Development and characterization of Zn-xCu-yTi-zMo alloys for biomedical applications: a high-throughput gradient continuous casting approach

The limited mechanical properties of pure Zn, such as its low strength and ductility, hinder its application as a material for biodegradable implants. Addressing this challenge, the current study focuses on the development of biodegradable Zn-based alloys, employing innovative alloy design and processing strategies. Here, alloys with compositions ranging from 0.02 to 0.10 weight percent (wt.%) Cu, 1.22 to 1.80 wt.% Ti, and 0.04 to 0.06 wt.% Mo were produced utilizing a high-throughput gradient continuous casting process.
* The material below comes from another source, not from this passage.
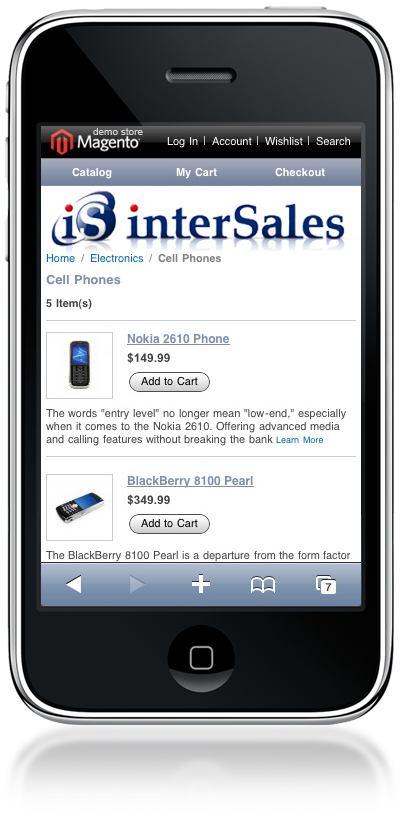 Ihr Shop auf dem iPhone und auf anderen mobilen Endgeräten: einfach mit speziellem Template-Satz, ohne Änderungen an der Technik. Nahtlos, innovativ, budgetschonend.

This study highlights three specific alloys: Zn-1.82Cu-0.10Ti-0.05Mo (HR8), Zn-0.08Cu-1.86Ti-0Mo (HR7), and Zn-1.26Cu-0.13Ti-0.06Mo (HR6), which were extensively evaluated for their microstructure, mechanical properties, electrochemical performance, potential as bioimplants, and cytotoxicity. These alloys were found to exhibit enhanced mechanical strength, optimal degradation rates, and superior biocompatibility, evidenced by in-vivo experiments with SD rats, positioning them as promising candidates for medical implants. This research not only introduces a significant advancement in biodegradable alloy development but also proposes an efficient method for their production, marking a pivotal step forward in biomedical engineering. Statement of Significance The limited mechanical properties of pure Zn have hindered its application in biodegradable implants. Our research primarily focuses on the alloy design and process strategies of biodegradable Zn-based alloys. We explore the Zn-Cux-Tix-Mox alloys. This study introduces a high-throughput experimental approach for efficient screening of multi-component alloy systems with optimal properties. The Zn-Cux-Tix-Mox alloys were designed and processed through gradient continuous casting, followed by homogenization and hot rolling. Our findings indicate that the Zn-1.82Cu-0.10Ti-0.05Mo alloy demonstrates superior tensile, mechanical, and corrosion properties post hot rolling. The study suggests that Zn-0.13Cu-1.26Ti-0.06Mo, Zn-0.08Cu-1.86Ti-0Mo, and Zn-1.82Cu-0.10Ti-0.05Mo alloys hold significant potential as biodegradable materials.